时间:2022-01-21 00:32:55

I have a pretty basic question on which is the preferred way of storing data in my database.


I have a table called "users" with each user getting a username and user_id. Now, I want to make a table called "comments" for users to comment on news.


Is it better to have a column in comments called "username" and storing the logged in user's name, or have a column called "user_id". If I use user_id I would have to make my sql statement have another select statement. "(SELECT username FROM users WHERE users.id = comments.user_id) as username". It seems like performance would be better just storing the username.

在注释中有一个名为“username”的列并存储登录用户的名称,或者有一个名为“user_id”的列是否更好?如果我使用user_id,我将不得不让我的sql语句有另一个select语句。 “(SELECT username FROM users WHERE users.id = comments.user_id)as username”。似乎只需存储用户名,性能会更好。

I thought I read to avoid duplicate data in a database though.


Which is better?



8 个解决方案


Typically, you use ID fields to link tables together. The reason being (in your situation) that you might allow the person to change their username, but you don't want to try and update all the places that is at...


Therefore, put the user_id in your comments table and pull the username out on a join, as you've shown.



If the user_id is the primary key then you should use user_id instead of username, if you want to use username instead of user_id then why do you have a user_id in the first place?



If there's the potential of creating a large enough database, store the user_id in the comments table. Less overhead. Also consider that usernames my be modified easier this way.

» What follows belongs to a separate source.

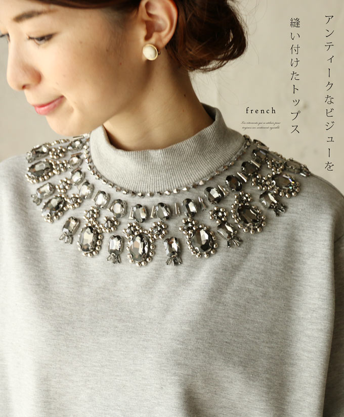 【再入荷♪12月7日12時&22時より】「french」アンティークなビジューを縫い付けたトップス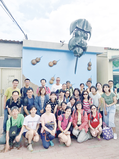 國立金門高級中學和教育部普通高級中學生物學科中心學校—國立新竹高級中學於7月12日至16日共同舉辦為期5天4夜的教師專業成長研習營,主題為「多元選修課程及地方學課程」,活動於昨日完美結束,來金參與研習營的教師紛紛表示此行令人難忘,獲益良多。 本次活動是為因應即將上路的「十二年國民基本教育之新課綱」,發展學校本位課程,注重在地特色的精神所規劃,吸引來自全台高中生物領域的種子教師蒞臨金門。期間由金門高中金色水岸社群教師進行「金色水岸—金門海岸線」課程模組演示分享,該課程曾榮獲106年度全國高中跨領域選修課程設計競賽之表揚。 活動的另一個重點則是進行金門特色生物及地質環境的考察。金門雖是蕞爾小島,卻有十分豐富的生物相,以及有別於台灣本島的生態環境資源,例如由金門子弟中央大學陳慶瀚副教授所介紹「金門地質故事」及「探訪北山海岸」揭開序幕,後續還安排一連串的課程包括有「看見水獺」、「活化石—鱟」……等,並在金門縣水產試驗所、金門國家公園,以及在地生態專家莊西進老師和洪清漳老師的大力協助下,實地考察金門植物園中特色生物、青年農莊一窺栗喉蜂虎、走訪烈嶼貴山海岸探尋豐富的潮間帶生態。 此外,本次參與活動的學員們也親身下海擎蚵、剖蚵,體驗一日蚵農的辛勞。在這5天4夜的課程中,來自臺灣各地的生物科種子教師親眼見到金門獨特的栗喉蜂虎、戴勝、水獺、三棘鱟、曼氏孔盾海膽和眾多精彩的潮間帶生物蹤影,甚至藍眼淚也現蹤,讓此行近30位的教師們驚嘆連連,大呼不虛此行,被金門豐富的生態之美所懾服。

Data should be stored in (at least) third normalized form, so you should use the user_id as the primary key in the users table, and as a foreign key in the comments table and use this to get the details:


SELECT comments.*, users.username  
FROM comments, users
WHERE users.user_id = comments.user_id;

If you are getting the comments based on an article, you could do this like this:


SELECT comments.*, users.username  
FROM comments, users
WHERE users.user_id = comments.user_id  
AND comments.article_id = '$current_article_id';


Storing the userid (integer) will mean faster JOINs later. Unless you plan on having people dig through the database by hand, there's really no reason to use the username



I'm pretty sure storing the user id in the comments table is sufficient. If you're returning rows from the comments table, just use the JOIN statement.




Which is going to be a unique identifier? The user_id, I'd bet, or you can't have two "John Smith"s in your system.

哪个是唯一的标识符? user_id,我打赌,或者你的系统中不能有两个“John Smith”。

And if volume is much of a concern, text matching the username field is going to be more expensive than linking to the users table in your query in the long term.



Numeric values are cheaper to join and index than an alphanumeric id. Use a number to uniquely identify a row. Another benefit is that the PK doesn't need to change if they need to change the user id. The last benefit is that this is the design of most modern web frameworks such as django and rails.



Typically, you use ID fields to link tables together. The reason being (in your situation) that you might allow the person to change their username, but you don't want to try and update all the places that is at...


Therefore, put the user_id in your comments table and pull the username out on a join, as you've shown.



If the user_id is the primary key then you should use user_id instead of username, if you want to use username instead of user_id then why do you have a user_id in the first place?



If there's the potential of creating a large enough database, store the user_id in the comments table. Less overhead. Also consider that usernames my be modified easier this way.



Data should be stored in (at least) third normalized form, so you should use the user_id as the primary key in the users table, and as a foreign key in the comments table and use this to get the details:


SELECT comments.*, users.username  
FROM comments, users
WHERE users.user_id = comments.user_id;

If you are getting the comments based on an article, you could do this like this:


SELECT comments.*, users.username  
FROM comments, users
WHERE users.user_id = comments.user_id  
AND comments.article_id = '$current_article_id';


Storing the userid (integer) will mean faster JOINs later. Unless you plan on having people dig through the database by hand, there's really no reason to use the username



I'm pretty sure storing the user id in the comments table is sufficient. If you're returning rows from the comments table, just use the JOIN statement.




Which is going to be a unique identifier? The user_id, I'd bet, or you can't have two "John Smith"s in your system.

哪个是唯一的标识符? user_id,我打赌,或者你的系统中不能有两个“John Smith”。

And if volume is much of a concern, text matching the username field is going to be more expensive than linking to the users table in your query in the long term.



Numeric values are cheaper to join and index than an alphanumeric id. Use a number to uniquely identify a row. Another benefit is that the PK doesn't need to change if they need to change the user id. The last benefit is that this is the design of most modern web frameworks such as django and rails.